Yes, yes, I know, I should not pronounce on what I did not witness.  Fair enough.  But I’m not talking about last night per se, I’m talking about the last several months of campaigning.  Romney started losing women according to polls and modified his campaign rhetoric to compensate.  The problem is, the modifications run counter to the retrograde momentum of a great deal of the Republican Party, and that is where the problem lies.

The other part of this is the simple fact that no matter what he says, if he gets elected, everything will change.  Obama pointed some of it up last night over the public land licensing for oil and coal.  These are the kinds of details and difficulties you can’t always predict before you sit in that chair.  Once actually in office, things Are Different.  (That is why every president ever elected has disappointed some segment of his supporters.)

I’m delighted Obama got feisty.  Romney may well want to win the election, but I wonder if he actually wants the job.  He wants the job he thinks he’s running for, not the one he’ll actually have.  Obama still wants to be president after four years.

But who knows?  My point here is that the presidential election this time is far more about what the opposing Parties will do rather than the candidates themselves.
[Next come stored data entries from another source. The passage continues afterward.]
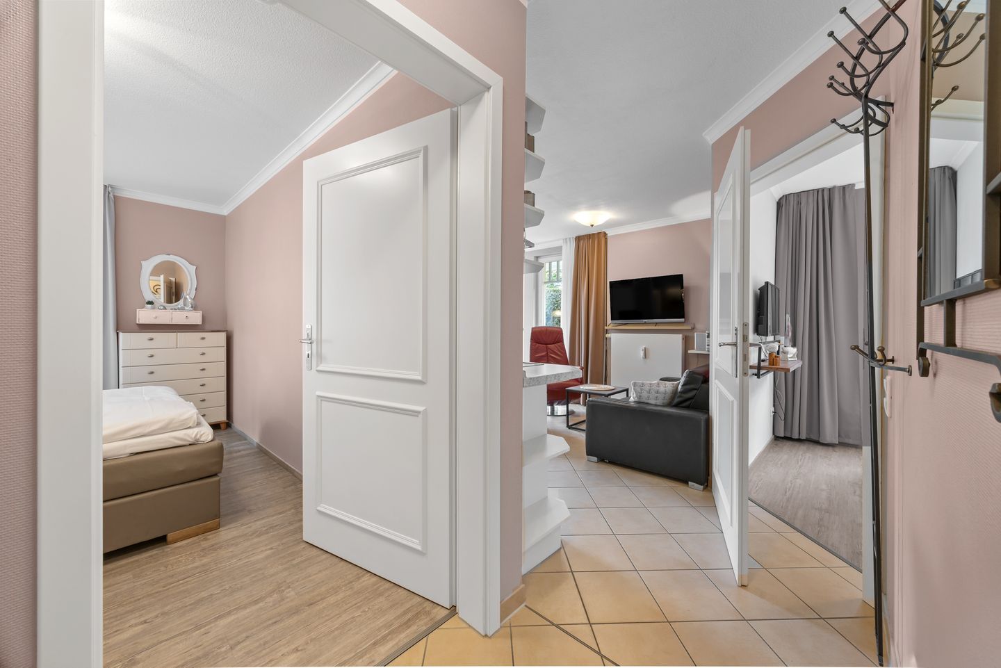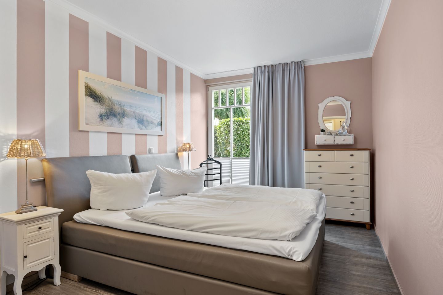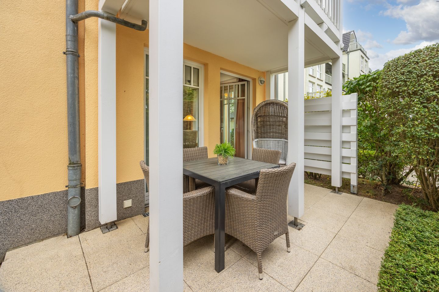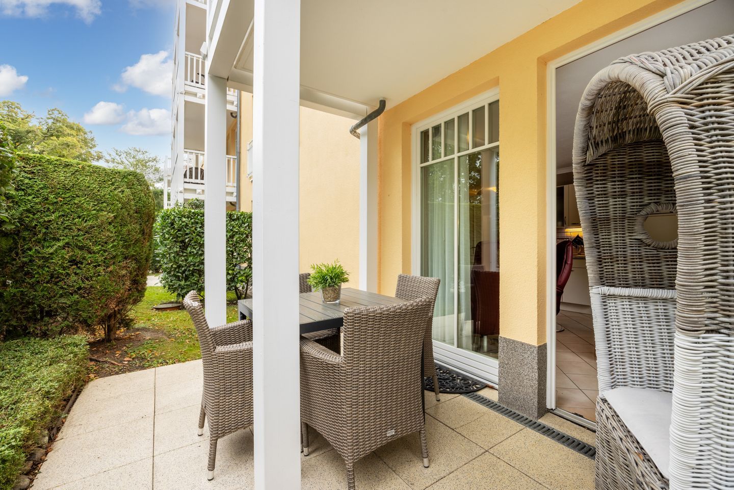 Die Ferienwohnung befindet sich im Erdgeschoss auf der Nord-Westseite der Apartmentanlage, im Haus 2, genau zwischen dem kilometerlangen Ostseestrand und dem grünen Stadtwald Kühlungsborns.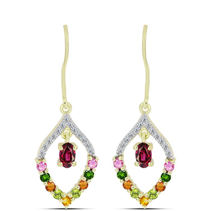Arannyal Bevont Ezüst Fülbevaló Csakra Tourmalinnal és Fehér Topázzal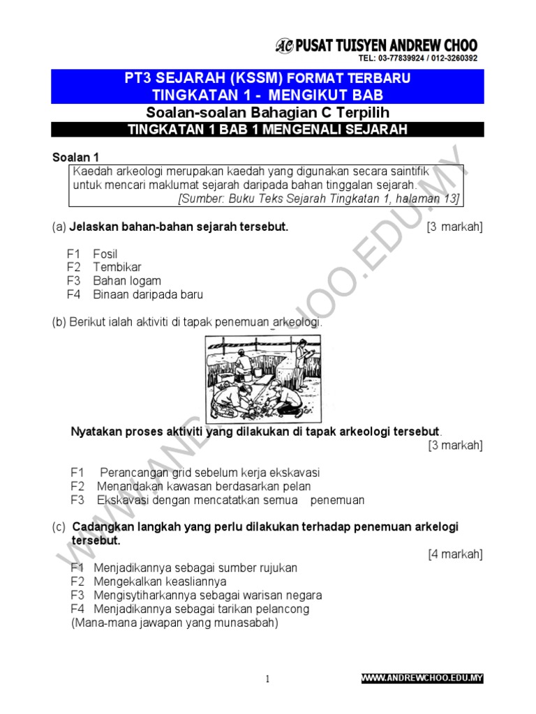 Tingkatan 1 Sejarah Contoh Soalan Bahagian C Kssm 2019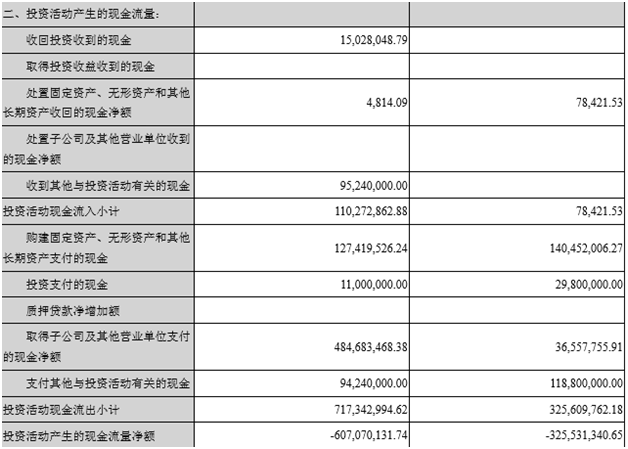 我们可以看到在现金流量表的最后一行,显示的是现金及现金等价物的增加额为-124437742.65元。这是什么意思呢?这表示当经营活动,投资活动以及筹资活动的现金流量净额相加起来,万达信息在2014年的现金余额减少了1.24亿元,这就是该公司的净现金流。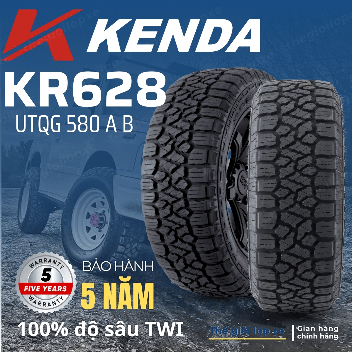 Lốp Kenda 265/60R18 Kr628 là dòng lốp ĐỊA HÌNH AT và là dòng lốp xuất khẩu Mỹ, độ bền cao 96.000km, là được thiết kế tại phòng Nghiên cứu Kenda tại Mỹ dành cho xe Bán tải, Offroad.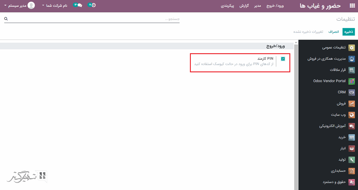 گزینه دیگر ورود/ خروج استفاده از پین است. برای این کار باید پیکربندی را از طریق منوی حضور و غیاب فعال کنیم.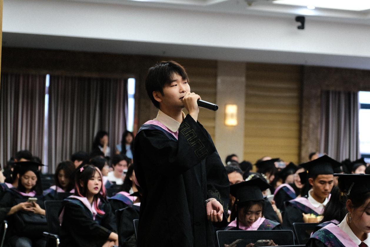相逢一见太匆匆,校内繁花几度红。李双艳同学回望过去,书声琅琅,墨香萦绕,感谢学校和老师们的培养,希望大家用行动和奋斗书写青年人的华彩篇章。紧接着她表达了对学校的感恩和祝福,也祝愿全体毕业生青春不悔,毕业万岁!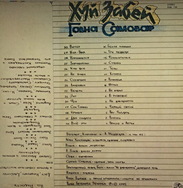 Лейбл: Popa Begemota Records – RGM 7138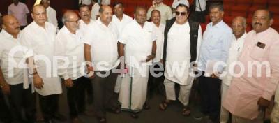 Photo Caption : Former CM HD Kumaraswamy with JD(S) State President CM Ibrahim, MLA GT Deve Gowda and other leaders during JD(S) party core committee meeting at party office, in Bengaluru on Friday 18th August 2023

I’m cutting Obama a lot of slack on the economy, because frankly he told us it would take a long time to recover.  Things are recovering.  Naturally a lot of people are unhappy and not without reason—times are difficult—but he didn’t say it would be quick, which is usually what people want.  (And people with jobs and some security will of course be more patient than those without.)  Romney claims he knows how to create jobs.  Neither man has that kind of control over what is ostensibly a free market.  So as far as I’m concerned, it’s the rest of what Obama has been about that I’m concerned with.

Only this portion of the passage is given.